L’économiste et opposant ivoirien Mamadou Koulibaly va plus loin : la réforme du franc CFA va « court-circuiter la monnaie de la Cedeao », a-t-il estimé dans un texte publié sur les réseaux sociaux, ajoutant : « Le franc CFA d’Afrique de l’Ouest est mort, nous dit-on, et son fantôme vient hanter l’eco que nous attendions de la Cedeao. » C’est aussi ce que pense Ndongo Samba Sylla, selon qui « Macron et Ouattara ont signé l’acte de décès du projet d’intégration monétaire » de la Cedeao. Quant à l’association française Survie, elle a déclaré : l’annonce de changement des deux présidents « permet de récupérer et d’empêcher la réforme d’intégration monétaire des pays de la Cedeao, et témoigne plutôt d’une volonté de maintenir la domination de la France sur cette nouvelle monnaie ».
Emmanuel Macron, qui a aussi déclaré à Abidjan que le colonialisme a été une « faute de la République», va ainsi difficilement réussir à faire baisser la tension et la pression de l’opinion publique, menaçant la survie de l’empire monétaire français, comme il l’escomptait. Dans le passé, la France avait déjà été obligée à plusieurs reprises d’apporter quelques légères modifications au fonctionnement du système CFA, pressée par quelques dirigeants africains. Elle avait à chaque fois réussi à faire cesser la contestation. Mais les temps ont visiblement changé.
Se pose aussi la question de l’avenir du franc CFA de la Communauté économique et monétaire de l’Afrique centrale (Cemac), qui comprend six pays. Jusqu’ici, les « réformes » concernant l’Uemoa ont toujours été transposées peu après au franc CFA de la Cemac.

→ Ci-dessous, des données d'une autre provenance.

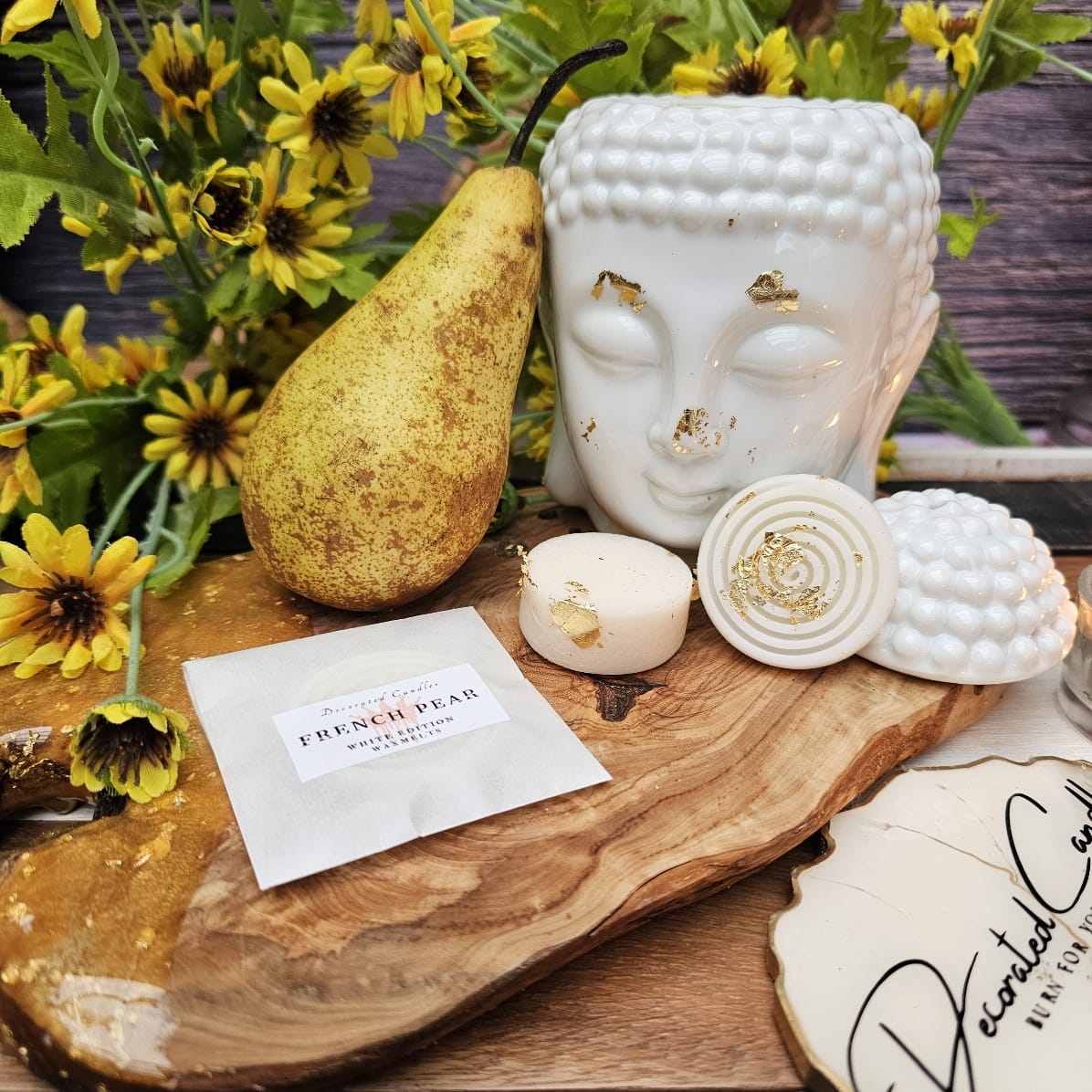 The “French Pear” waxmelts are an exquisite fragrance mixture that takes us on a sensual journey through French orchards .Its fragrance notes consist of juicy green pear combined with the aroma of sweet brown sugar, which gives it a delicate freshness combined with a distinct sweet scent. In its heart, there are notes of cloves and coconut, which add depth, creating a sensual and intriguing aromatic bouquet. The base of the waxmelts contains notes of orange and mint,which gives the waxmelts a subtle, refreshing aroma, making the entire composition balanced and harmonious.It is a perfect choice for lovers of delicate, fruity scents who want to surround themselves with pleasant,relaxing aromas in their own homes.

Les chefs d’État de la zone, qui ont eux aussi récemment évoqué la nécessité d’opérer des changements dans leur franc CFA, certains militant pour son abolition, accepteront-ils qu’un scénario similaire à celui actuellement mis en œuvre dans l’Uemoa s’applique chez eux ?
Fanny Pigeaud a coécrit un livre sur le franc CFA avec Ndongo Samba Sylla : L’Arme invisible de la Françafrique, une histoire du franc CFA, La Découverte, 2018.